The proteins of bacteria and the proteins of humans are the same. In fact it has recently been found that the protein-making machinery in the bacteria can be given orders from material from the red cells to produce red cell proteins. So close is life to life. The universality of the deep chemistry of living things is indeed a fantastic and beautiful thing. And all the time we human beings have been too proud even to recognize our kinship with the animals.

Or there are the atoms. Beautiful—mile upon mile of one ball after another ball in some repeating pattern in a crystal. Things that look quiet and still, like a glass of water with a covered top that has been sitting for several days, are active all the time; the atoms are leaving the surface, bouncing around inside, and coming back. What looks still to our crude eyes is a wild and dynamic dance.

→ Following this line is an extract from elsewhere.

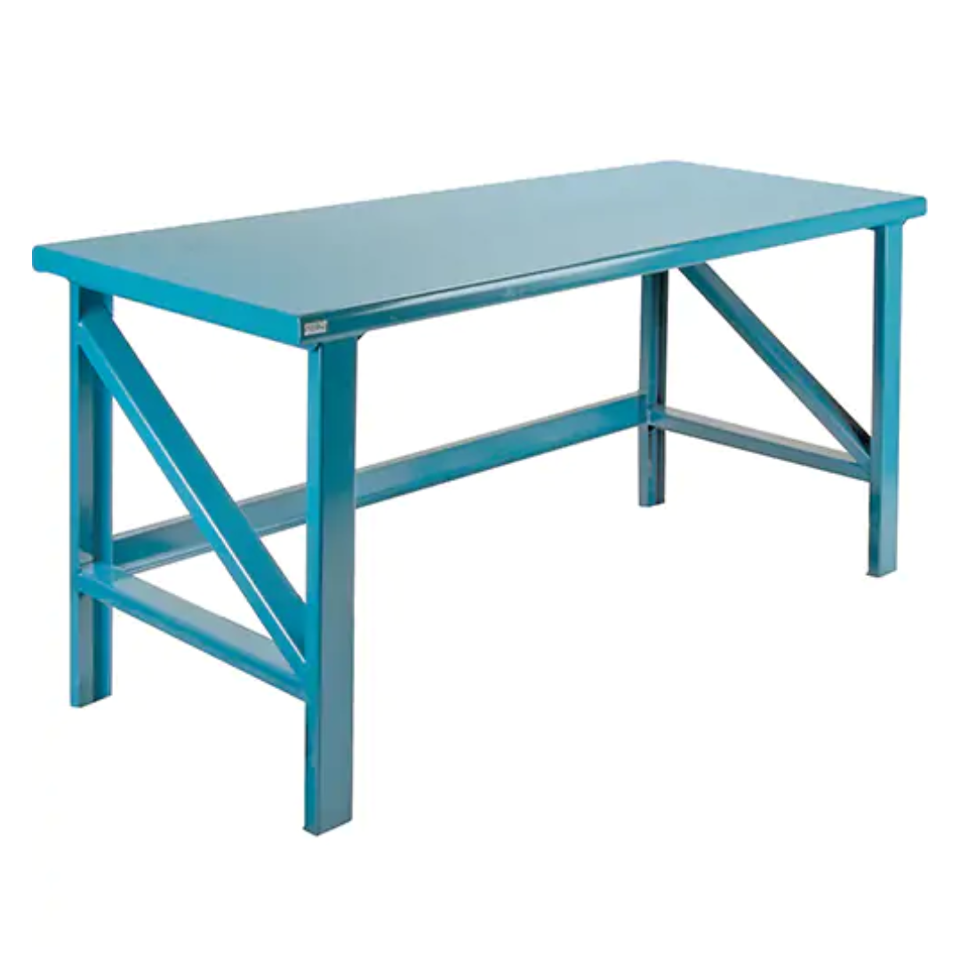 Experience the strength and reliability of the Kleton Heavy-Duty Workbench. Featuring an all-welded construction with a wood-filled 3/16" steel top, this workbench is designed to handle the toughest tasks. The 11-gauge steel legs and stringers provide exceptional support, while the standard bolt-down footplates ensure stability.

And, again, it has been discovered that all the world is made of the same atoms, that the stars are of the same stuff as ourselves. It then becomes a question of where our stuff came from. Not just where did life come from, or where did the earth come from, but where did the stuff of life and of the earth come from? It looks as if it was belched from some exploding star, much as some of the stars are exploding now. So this piece of dirt waits four and a half billion years and evolves and changes, and now a strange creature stands here with instruments and talks to the strange creatures in the audience. What a wonderful world!

Or take the physiology of human beings. It makes no difference what I talk about. If you look closely enough at anything, you will see that there is nothing more exciting than the truth, the pay dirt of the scientist, discovered by his painstaking efforts.

In physiology you can think of pumping blood, the exciting movements of a girl jumping a jump rope. What goes on inside? The blood pumping, the interconnecting nerves—how quickly the influences of the muscle nerves feed right back to the brain to say, “Now we have touched the ground, now increase the tension so I do not hurt the heels.” And as the girl dances up and down, there is another set of muscles that is fed from another set of nerves that says, “One, two, three, O’Leary, one, two, …” And while she does that, perhaps she smiles at the professor of physiology who is watching her. That is involved, too!

And then electricity The forces of attraction, of plus and minus, are so strong that in any normal substance all the plusses and minuses are carefully balanced out, everything pulled together with everything else. For a long time no one even noticed the phenomenon of electricity, except once in a while when they rubbed a piece of amber and it attracted a piece of paper. And yet today we find, by playing with these things, that we have a tremendous amount of machinery inside. Yet science is still not thoroughly appreciated.